Today the Consumer Financial Protection Bureau (CFPB) announced it is considering proposing rules that would end payday debt traps by requiring lenders to take steps to make sure consumers can repay their loans. The proposals under consideration would also restrict lenders from attempting to collect payment from consumers’ bank accounts in ways that tend to rack up excessive fees. The strong consumer protections being considered would apply to payday loans, vehicle title loans, deposit advance products, and certain high-cost installment and open-end loans.
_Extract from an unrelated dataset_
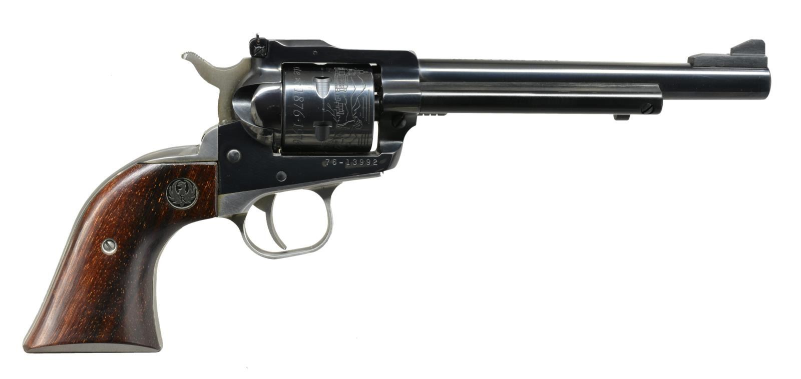 REVOLVER. Cal. 22 LR. / 22 Mag. S# 76-13992. Bbl. 6 1/2" w/ ramp mounted serrated ramp front sight & square notch adj. rear sight. Left side of bbl. marked "1876 Colorado Centennial U.S. Bicentennial 1976". 22 LR & 22 Mag. six shot rnd. cyls. have Centennial roll engraving. Blue finished bbl., cyls. & frame w/ stainless steel grip strap. Butt is marked "1876 Colorado 1976". 2 Piece rosewood grips w/ black Ruger medallions. UNATTACHED ACCESSORIES: wood presentation box w/ blue velour fitted interior containing 22 Mag. cyl. Outside of box lid has Centennial medallion. Inside of box has Ruger eagle trademark. CONDITION: over 98% original finish showing light cyl. drag lines. Near excellent bore. (21-642/DS). CURIO. $400-600.

The proposals under consideration cover both short-term and longer-term credit products that are often marketed heavily to financially vulnerable consumers. The CFPB recognizes consumers’ need for affordable credit but is concerned that the practices often associated with these products – such as failure to underwrite for affordable payments, repeatedly rolling over or refinancing loans, holding a security interest in a vehicle as collateral, accessing the consumer’s deposit account for repayment, and performing costly withdrawal attempts – can trap consumers in debt. Consumers can be forced to choose between reborrowing, defaulting, or falling behind on other obligations, and also may face deposit account fees and closures, vehicle repossessions, and other harms. For short-term loans, the CFPB has found that for consumers living paycheck to paycheck, the short timeframe can make it difficult to accumulate the necessary funds to pay off the principal and fees before the due date. Borrowers who cannot repay often roll over the loan – pay more fees to delay paying off the loan or take out a new loan to replace the old one. For many borrowers, what starts out as a short-term loan turns into an unaffordable, long-term cycle of debt. For longer-term loans, many consumers struggle to keep up with unaffordable payments, which can result in defaults, costly refinancing, or falling behind on other bills. The proposals under consideration provide two different approaches to ending debt traps – prevention and protection. Under the prevention requirements, lenders would have to determine at the outset that the consumer is not taking on unaffordable debt. Under the protection requirements, lenders would have to comply with various restrictions designed to ensure that consumers can affordably repay their debt. Lenders could choose which set of requirements to follow. The CFPB is publishing the outline of proposals under consideration in preparation for convening a Small Business Review Panel to gather feedback from small lenders, which is the next step in the rulemaking process.